The Myanmar security forces are committing serious human rights violations against the Rohingya population that remained in northern Rakhine State through the military’s campaign of violence last year. Since 30 November 2017, thousands of Rohingya women, men, and children have fled to Bangladesh, bringing the total number of Rohingya who have fled since August 2017 to 688,000.
On 25 August 2017, Myanmar’s military launched an operation against the Rohingya population across northern Rakhine State, after a Rohingya armed group, the Arakan Rohingya Salvation Army (ARSA), attacked around 30 security force outposts, killing 12 state officials. The military’s campaign has been marked by crimes against humanity, including the widespread killing of Rohingya women, men, and children; rape and other forms of sexual violence against women and girls; mass deportation; and the systematic burning of villages.
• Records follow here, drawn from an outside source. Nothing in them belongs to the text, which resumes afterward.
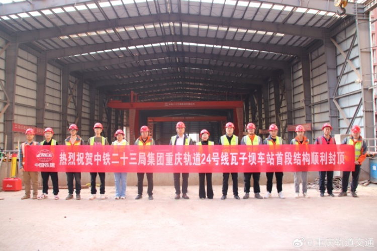 @重庆轨道交通消息, 10月21日,由重庆轨道集团建设、中铁二十三局负责施工的重庆轨道交通24号线瓦子坝站迎来首段结构封顶,为瓦茶区间盾构接收提供必要条件。
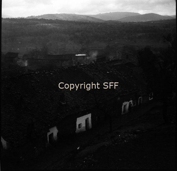 - Case del paese in muratura con copertura di scandole (assicella di legno usata talvolta al posto delle tegole per ricoprire i tetti specialmente in montagna)
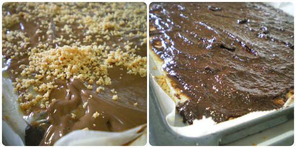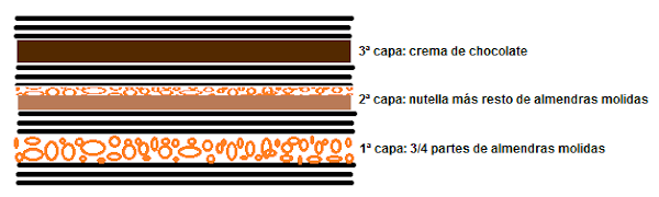 La última capa lleva la crema de chocolate y nutella.
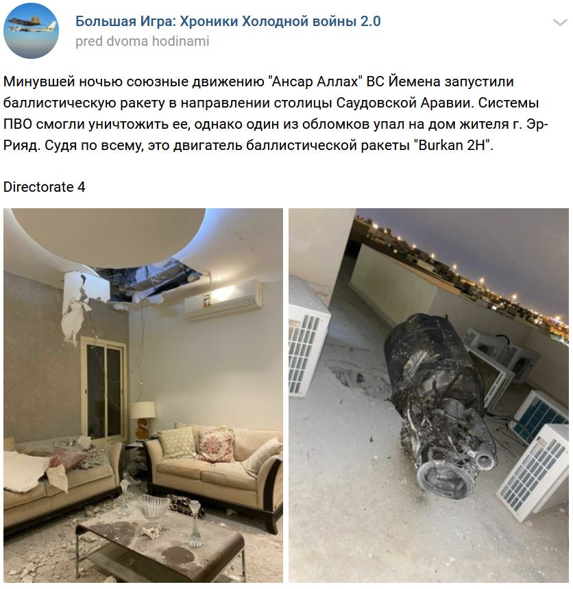 Po sobotňajšom (27.02.2021) útoku Jemenských rakiet po aktivácii PVO Saudskej Arábie niektoré trosky prepadli cez strechy obytných budov Saudom do "obývačky" - pravdepodobne motor z rakety Burkan 2H:
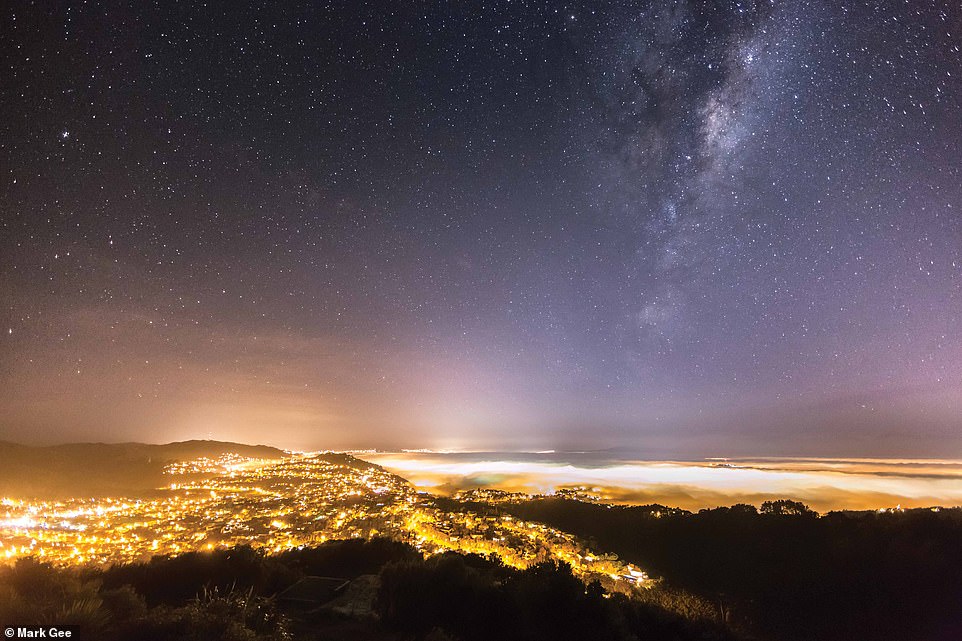 أضواء ذهبية تنبعث من طيات الغيوم، وتشرق في السماء الضبابية بشكل يفوق التصور، وتتناثر النجوم حول درب التبانة من تل Wrights.
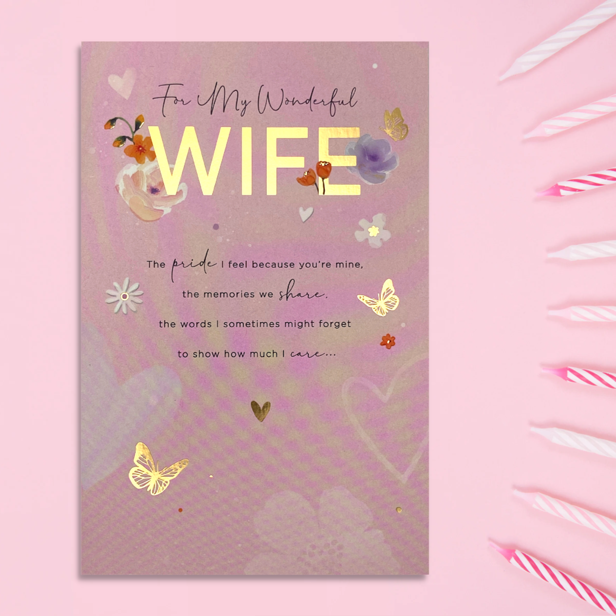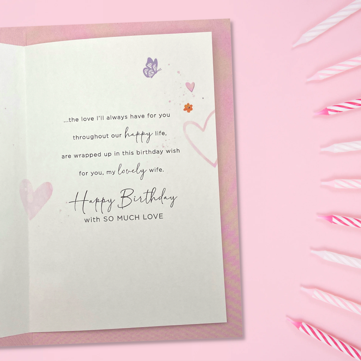 Gorgeous textured Wife Birthday design from the Thinking Of You collection with gold foil details and colour printed insert.
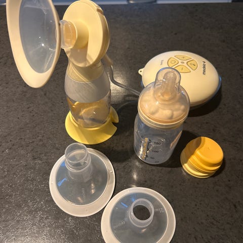 Medela Swing elektrisk brystpumpe selges. Inkluderer pumpeenhet, flaske, oppsamlingsposer, oppsamlingskopp som kan brukes til håndpumping, samt oppbevaringspose og bruksanvisning.
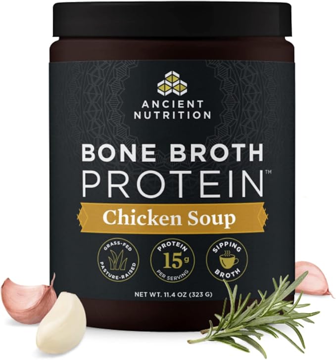 Ancient Nutrition Bone Broth Protein Powder, Chicken Soup, Grass-Fed Chicken and Beef Bone Broth Powder, 15g Protein Per Serving, Supports a Healthy Gut, 15 Servings
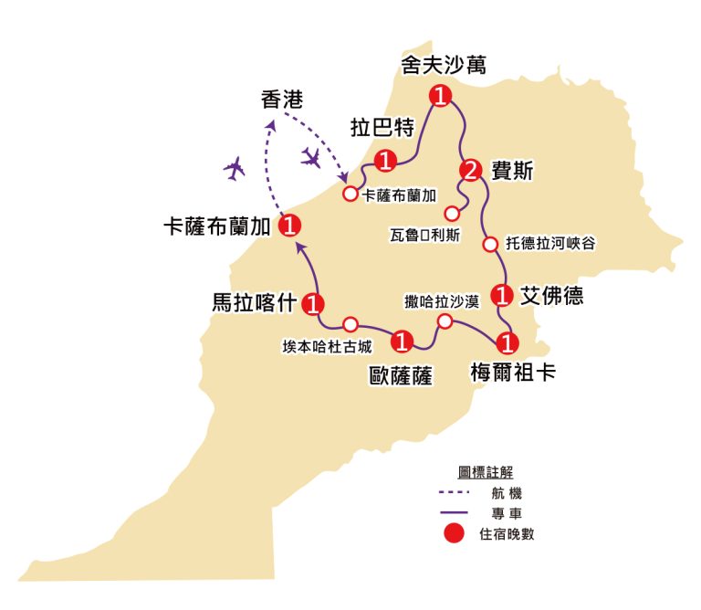 住宿:五星級 ADAM PARK 或 ATLAS MEDINA 或 同級酒店

During research in Bangladesh from 17-31 January, Amnesty International interviewed 11 Rohingya men and 8 Rohingya women who fled their villages in Myanmar in December 2017 or January 2018, months after the Myanmar authorities allege that violence stopped. Several were interviewed the day they arrived at a refugee camp; most of the rest were interviewed within 10 days of arriving. The vast majority came from villages in Buthidaung Township, though Amnesty also interviewed new arrivals from Maungdaw and Rathedaung Townships.
This briefing explores the violations that continue to force Rohingya families to leave Myanmar, as well as the abuse they face while in flight. A shortage of food is the most common reason new arrivals give for fleeing, as deliberate actions by the Myanmar authorities, including denial of access to rice fields and markets as well as restrictions on aid access, are in effect starving out many Rohingya who have tried to remain in their villages. In a few Rohingya villages, Myanmar soldiers have also carried out abductions, particularly of young women and girls, the news of which has driven other people to flee. And as people have walked for days toward Bangladesh in recent weeks, Myanmar forces have systematically robbed them at checkpoints, taking money and possessions.
While the most acute period of direct violence against Rohingya women, men, and children occurred between late August and late September, the security forces’ ongoing actions appear designed toward the same goal: to make northern Rakhine State unliveable for the Rohingya population.